» Description of the task
Starting at the top of the entries below, write out each line up to and including the one containing "V poradí 36.". Leave the pictures out.

» Records for the task
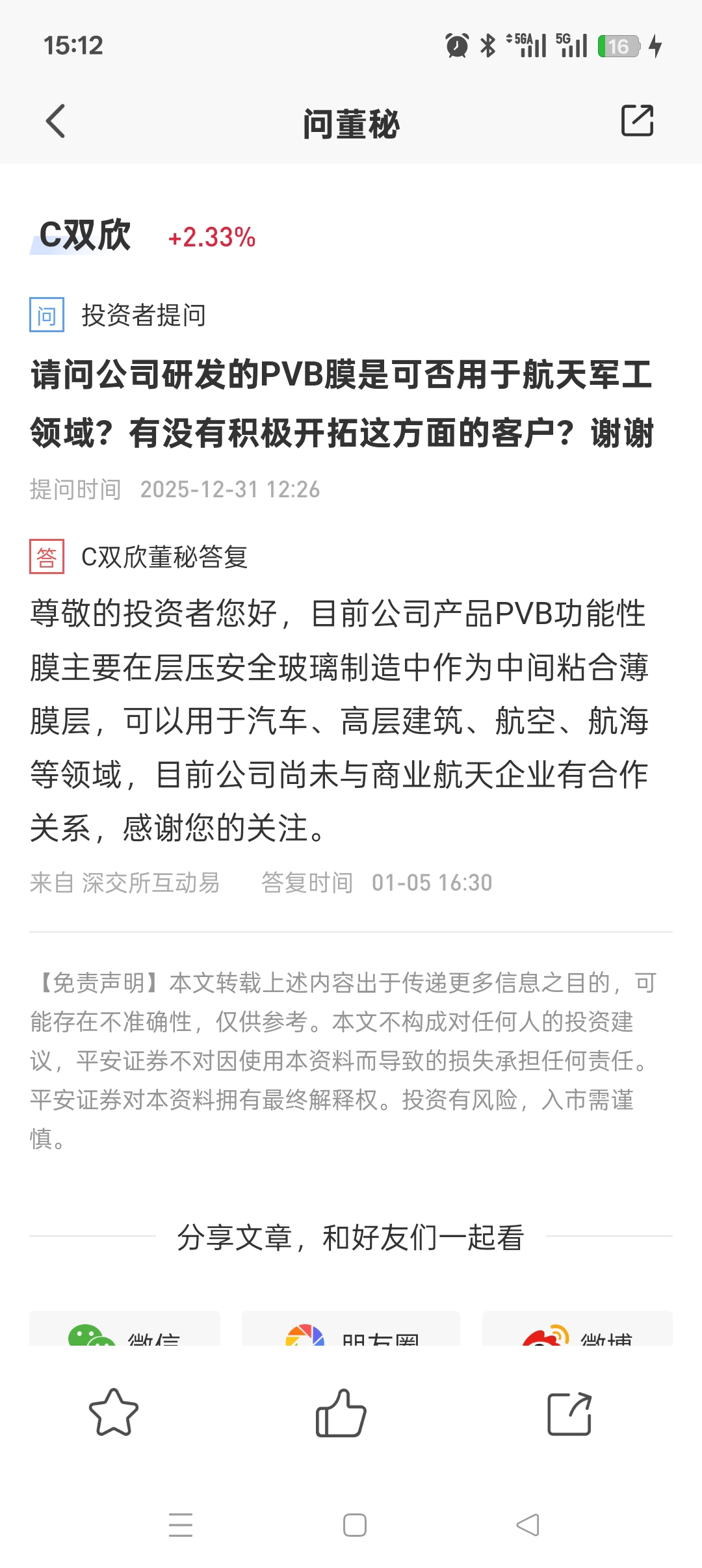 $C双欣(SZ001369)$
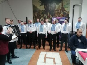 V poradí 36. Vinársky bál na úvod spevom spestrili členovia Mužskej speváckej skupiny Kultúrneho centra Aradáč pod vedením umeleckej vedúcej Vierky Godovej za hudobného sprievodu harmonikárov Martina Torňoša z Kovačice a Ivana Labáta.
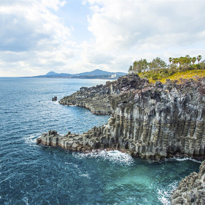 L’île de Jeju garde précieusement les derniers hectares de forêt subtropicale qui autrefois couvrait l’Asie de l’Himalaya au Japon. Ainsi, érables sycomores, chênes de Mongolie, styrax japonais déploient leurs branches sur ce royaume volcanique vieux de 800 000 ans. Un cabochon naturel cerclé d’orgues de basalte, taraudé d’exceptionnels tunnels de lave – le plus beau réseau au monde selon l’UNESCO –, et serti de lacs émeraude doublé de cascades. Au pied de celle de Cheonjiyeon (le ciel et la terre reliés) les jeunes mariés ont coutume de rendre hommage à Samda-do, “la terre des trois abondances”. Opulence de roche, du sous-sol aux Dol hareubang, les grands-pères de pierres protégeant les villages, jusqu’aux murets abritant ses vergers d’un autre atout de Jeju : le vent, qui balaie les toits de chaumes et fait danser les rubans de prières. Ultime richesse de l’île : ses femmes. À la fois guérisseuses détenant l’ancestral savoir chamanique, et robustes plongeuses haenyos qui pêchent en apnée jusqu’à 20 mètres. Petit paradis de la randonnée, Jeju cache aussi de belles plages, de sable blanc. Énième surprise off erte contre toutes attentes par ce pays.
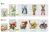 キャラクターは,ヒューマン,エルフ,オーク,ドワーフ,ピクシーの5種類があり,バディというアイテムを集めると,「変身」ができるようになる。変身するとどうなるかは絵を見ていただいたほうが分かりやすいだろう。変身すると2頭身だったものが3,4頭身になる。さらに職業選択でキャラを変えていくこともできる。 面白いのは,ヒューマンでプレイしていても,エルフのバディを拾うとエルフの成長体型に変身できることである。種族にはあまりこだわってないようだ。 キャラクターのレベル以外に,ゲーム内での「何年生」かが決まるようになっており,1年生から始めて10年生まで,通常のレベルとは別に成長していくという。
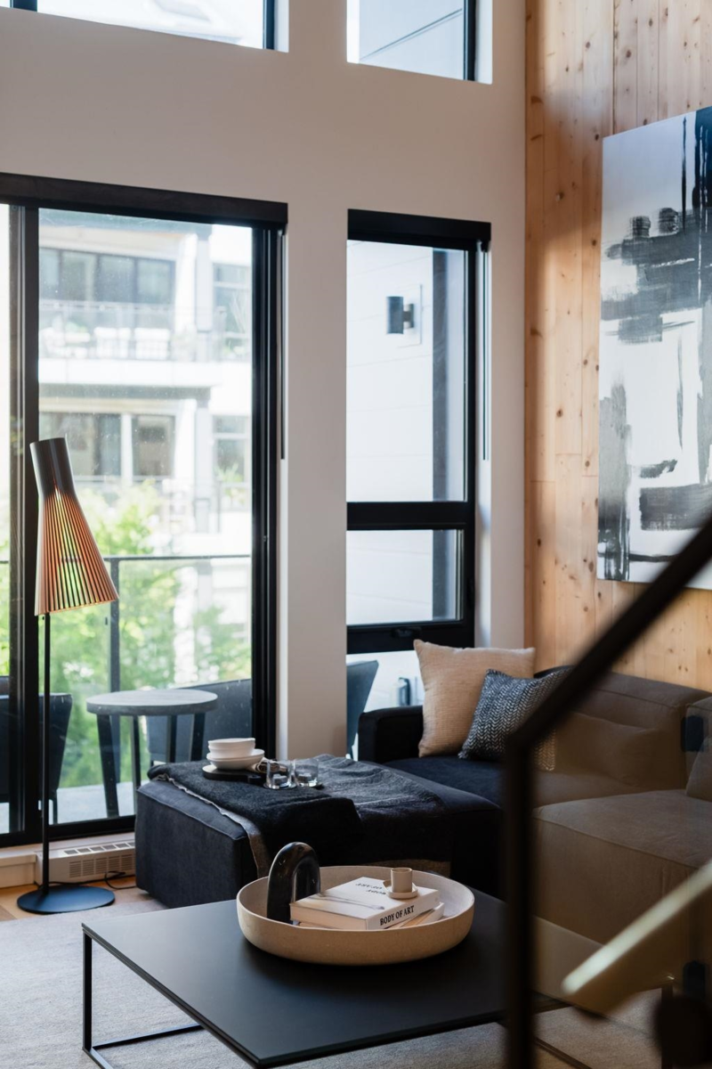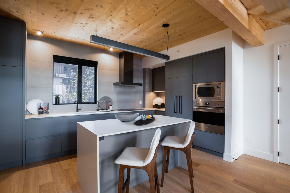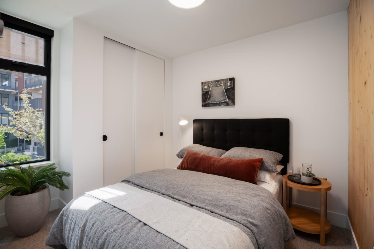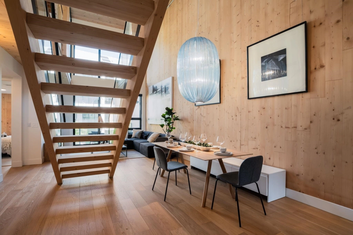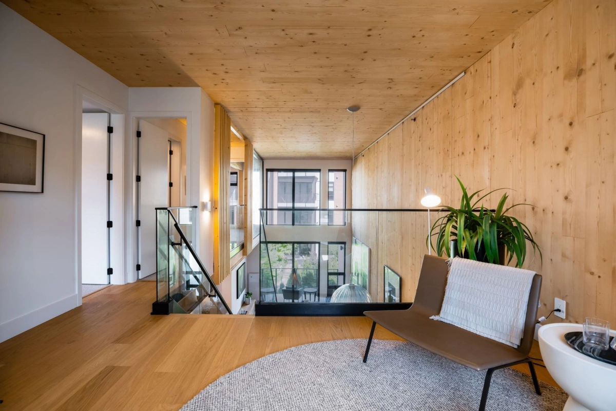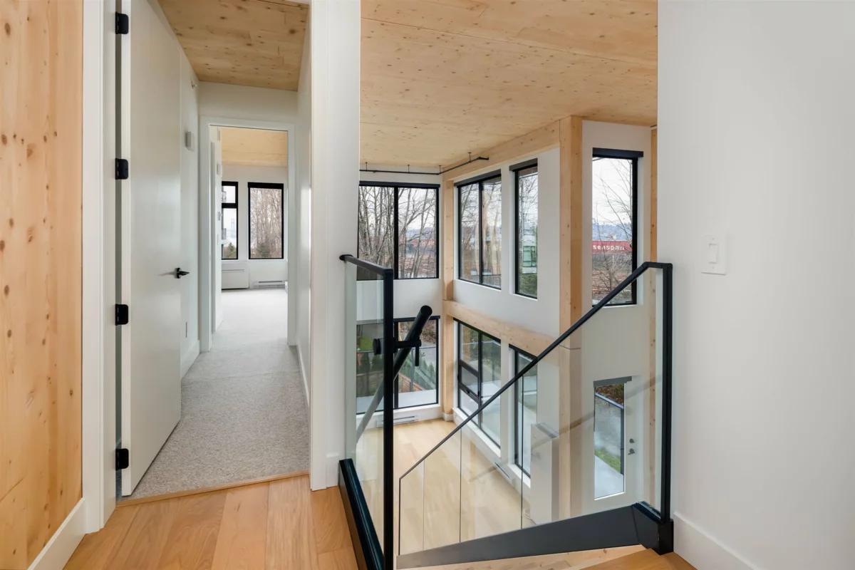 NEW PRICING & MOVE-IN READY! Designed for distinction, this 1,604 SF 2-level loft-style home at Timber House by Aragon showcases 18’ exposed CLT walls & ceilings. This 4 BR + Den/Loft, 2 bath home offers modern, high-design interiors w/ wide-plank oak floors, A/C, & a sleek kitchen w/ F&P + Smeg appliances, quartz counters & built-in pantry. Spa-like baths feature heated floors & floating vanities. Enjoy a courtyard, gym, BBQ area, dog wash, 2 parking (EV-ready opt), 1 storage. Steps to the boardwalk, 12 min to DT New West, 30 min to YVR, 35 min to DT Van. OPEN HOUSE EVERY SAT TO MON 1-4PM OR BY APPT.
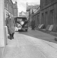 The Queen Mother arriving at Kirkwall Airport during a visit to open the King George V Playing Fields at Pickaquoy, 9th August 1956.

» Exercise output
 $C双欣(SZ001369)$
 V poradí 36. Vinársky bál na úvod spevom spestrili členovia Mužskej speváckej skupiny Kultúrneho centra Aradáč pod vedením umeleckej vedúcej Vierky Godovej za hudobného sprievodu harmonikárov Martina Torňoša z Kovačice a Ivana Labáta.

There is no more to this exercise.